Description of the task: The required output is the stretch from the line containing "Comfortable, Understated Sophistication." through the line containing "- Иммиграция. Это" in the records below, unaltered and with no pictures.

Supplied information:
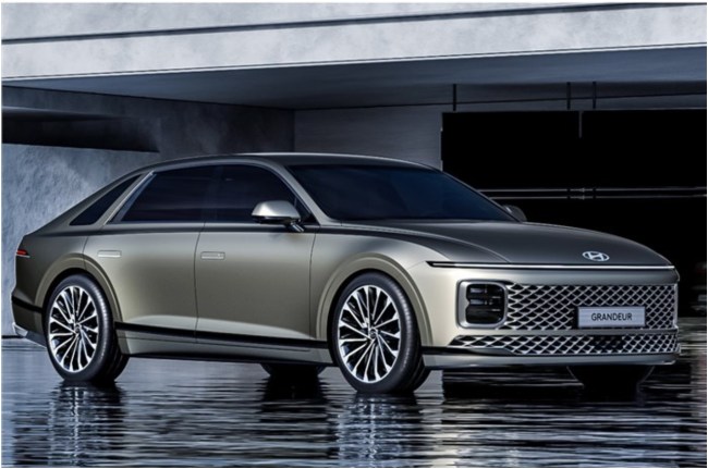 ग्रैंड्योर का फ्रंट 2021 में सामने आई स्टारिया एमपीवी के समान दिखता है। इसमें एक फुल विड्थ एलईडी डीआरएल लाइट बार और फुल लैंथ हॉरिजेंटल ग्रिल शामिल है, जो मुख्य हेडलाइट क्लस्टर से घिरी हुई है। प्रोफाइल में यह फ्लश डोर हैंडल, मिनिमम कट और क्रीज के साथ एक क्लियर लुक देती है। इसमें 1986 की ऑरिजिनल ग्रैंड्योर की तरह एक अलग तरह का क्वार्टर ग्लास भी मिलता है।
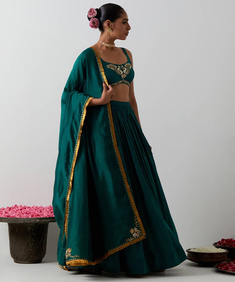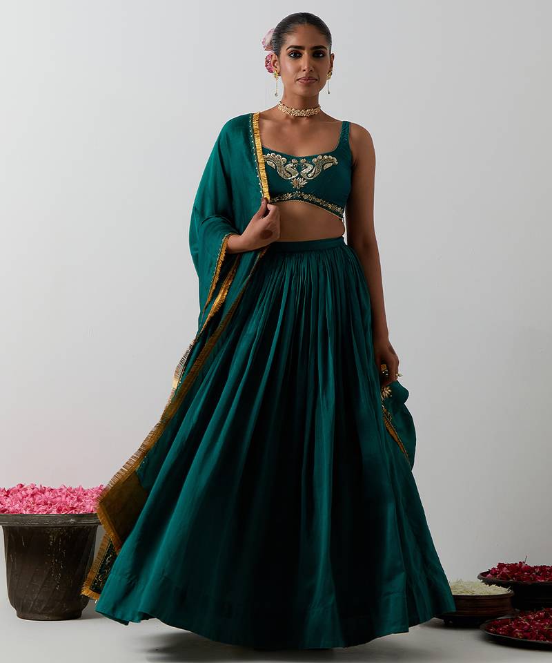 | Product Description | This Green Plain Chanderi Lehenga Set Brings Together Simplicity And Elegance In A Timeless Silhouette. Crafted From Soft, Lightweight Chanderi Fabric, It Offers A Graceful Flare And Subtle Sheen. Perfect For Festive Events, Weddings, Or Traditional Celebrations, This Ensemble Delivers Classic Charm With Comfortable, Understated Sophistication.
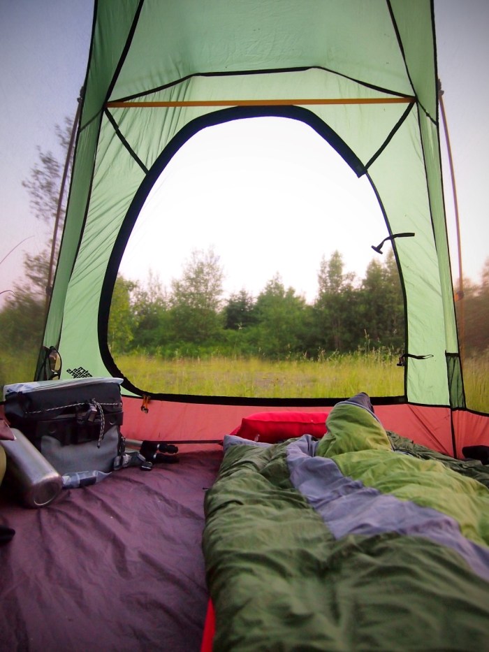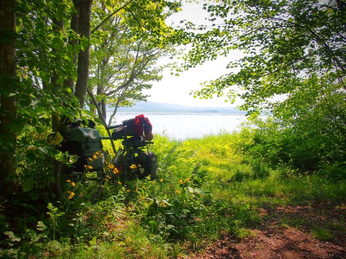 and a good day to put on some miles. I’ll admit, at this point I shifted into get home mode and just put my head down and pedaled. The day was hot and there was a headwind, but I just climbed into my shell and rode as far as I could. By evening I was pretty spent and after stopping at a house to fill my water bottles, I was given directions to a pretty good camping spot right on the shore of Bras d’Or Lake.
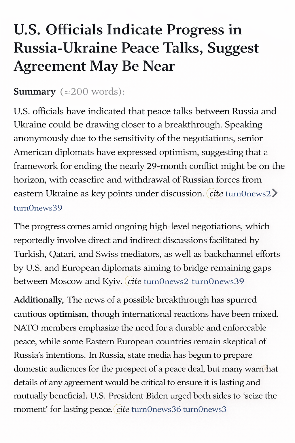 Senior U.S. officials have indicated that a potential peace agreement between Russia and Ukraine could be closer than at any point since the conflict began, raising cautious optimism amid continued diplomatic engagement. Speaking on condition of anonymity, officials said recent negotiations have shown “incremental progress,” with both sides maintaining channels of communication through intermediaries despite ongoing fighting on the ground.
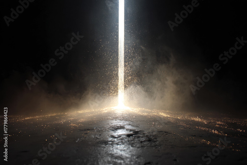 Obraz premium A vertical beam of light pierces through darkness with golden particles...
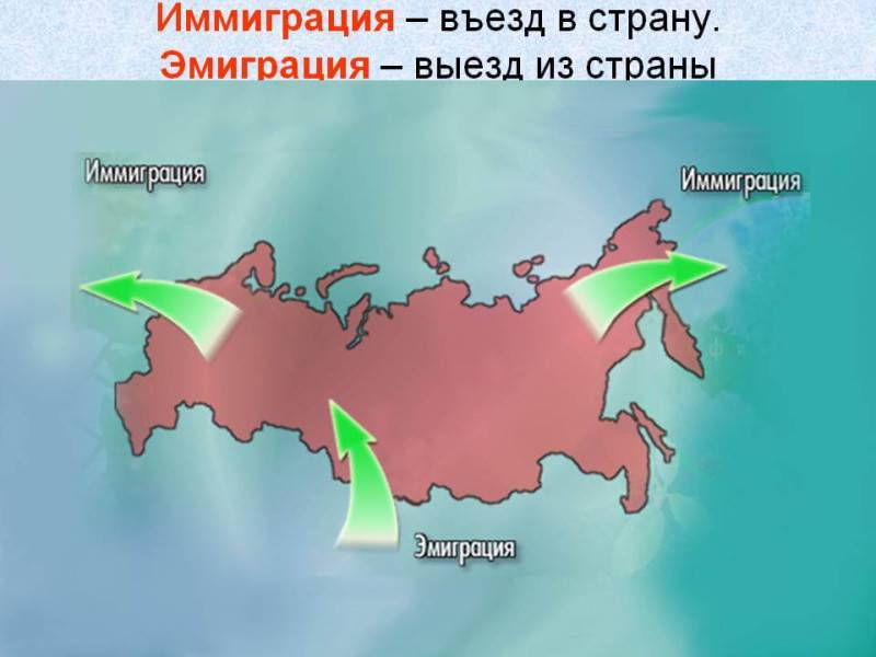 - Иммиграция. Это въезд человека на территорию страны для постоянного проживания.
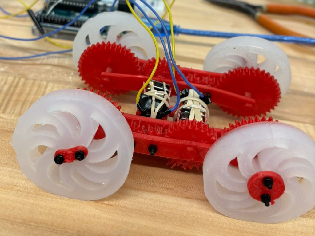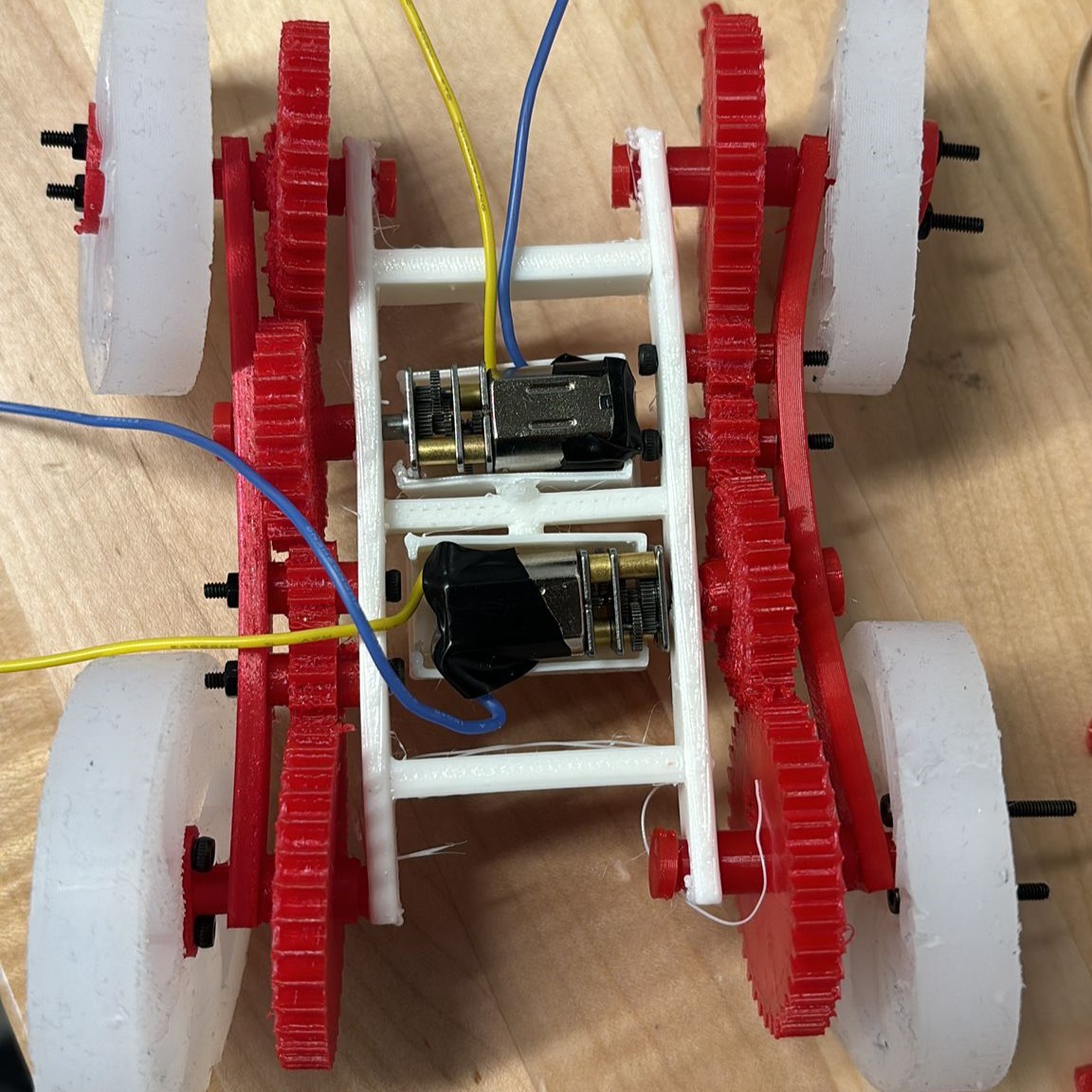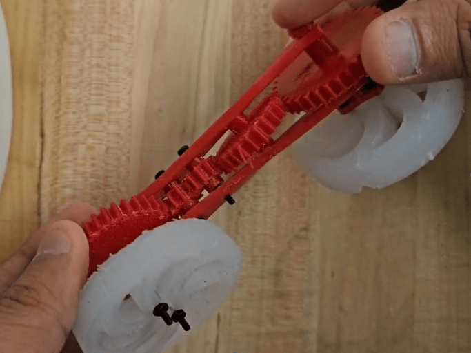 Although gears were the preferred option compared to pulleys and timing belts due to their high torque output, reliability, and greater efficiency in power transmission, we wished to ensure that the entire mechanism was designed to excel under competition conditions. Therefore, we utilized 95A TPU, a 3D printing filament that results in soft, compliant print bodies. This decision was made to keep the whole mechanism as soft and adaptable as possible, effectively addressing the unique and varying requirements of the competition. By implementing this material choice, the mechanism not only became lightweight but also compliant, allowing for dynamic responses to the terrain. This flexibility had the remarkable effect of enabling the entire gear train to twist and conform as needed, ensuring the robot could seamlessly navigate complex obstacles without sacrificing performance or risking damage to its components.
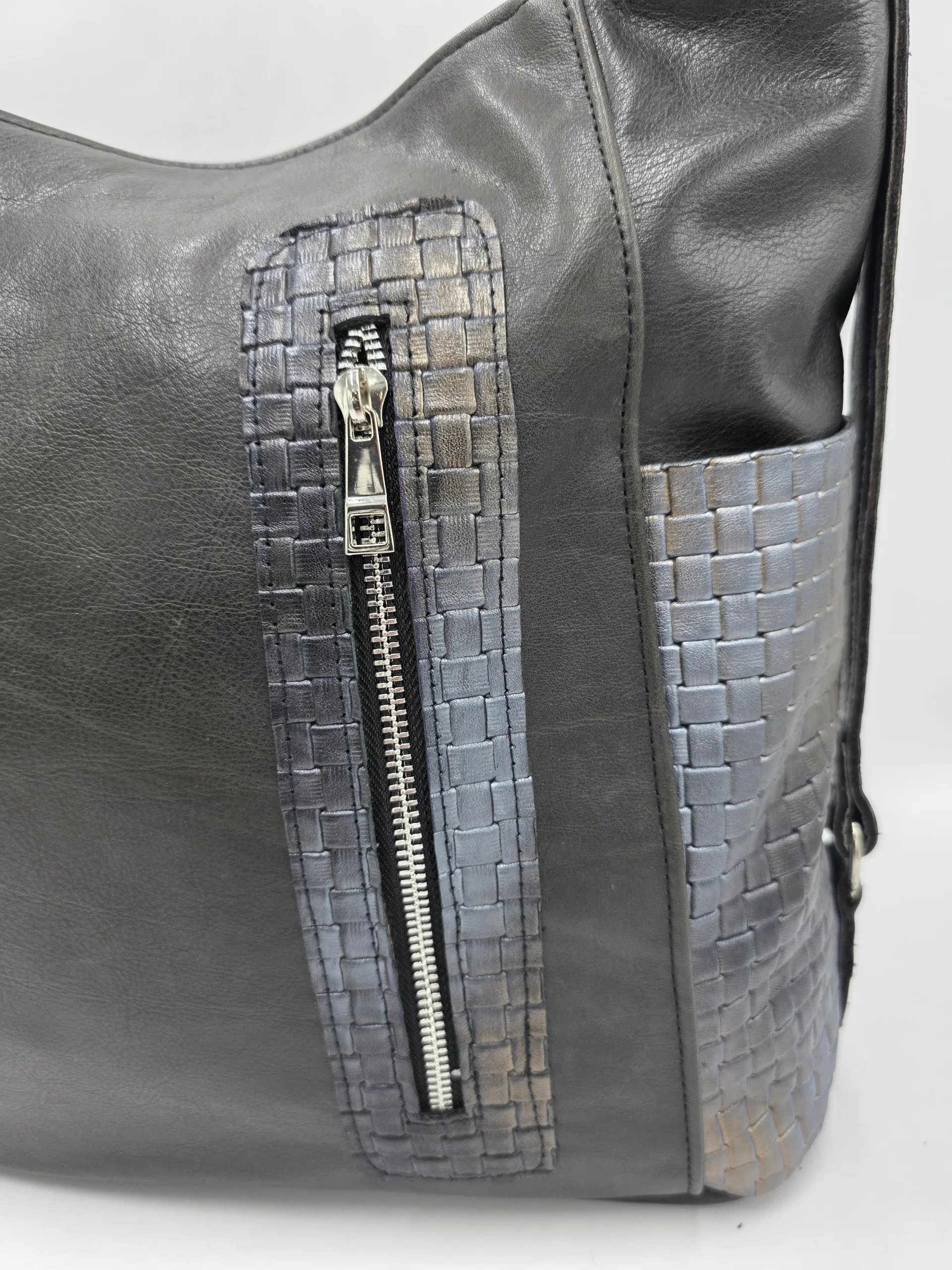 Чанта раница от естествена кожа ръчно изработена с две дръжки 90см,преден външен джоб с цип, заден външен джоб с цип, два странични, вътре със средна преграда с цип, джоб с цип и допълнителен джоб за телефон. Ширина 35см, височина 33см, дъно 35см/13см

Result of this exercise:
 | Product Description | This Green Plain Chanderi Lehenga Set Brings Together Simplicity And Elegance In A Timeless Silhouette. Crafted From Soft, Lightweight Chanderi Fabric, It Offers A Graceful Flare And Subtle Sheen. Perfect For Festive Events, Weddings, Or Traditional Celebrations, This Ensemble Delivers Classic Charm With Comfortable, Understated Sophistication.
 and a good day to put on some miles. I’ll admit, at this point I shifted into get home mode and just put my head down and pedaled. The day was hot and there was a headwind, but I just climbed into my shell and rode as far as I could. By evening I was pretty spent and after stopping at a house to fill my water bottles, I was given directions to a pretty good camping spot right on the shore of Bras d’Or Lake.
 Senior U.S. officials have indicated that a potential peace agreement between Russia and Ukraine could be closer than at any point since the conflict began, raising cautious optimism amid continued diplomatic engagement. Speaking on condition of anonymity, officials said recent negotiations have shown “incremental progress,” with both sides maintaining channels of communication through intermediaries despite ongoing fighting on the ground.
 Obraz premium A vertical beam of light pierces through darkness with golden particles...
 - Иммиграция. Это въезд человека на территорию страны для постоянного проживания.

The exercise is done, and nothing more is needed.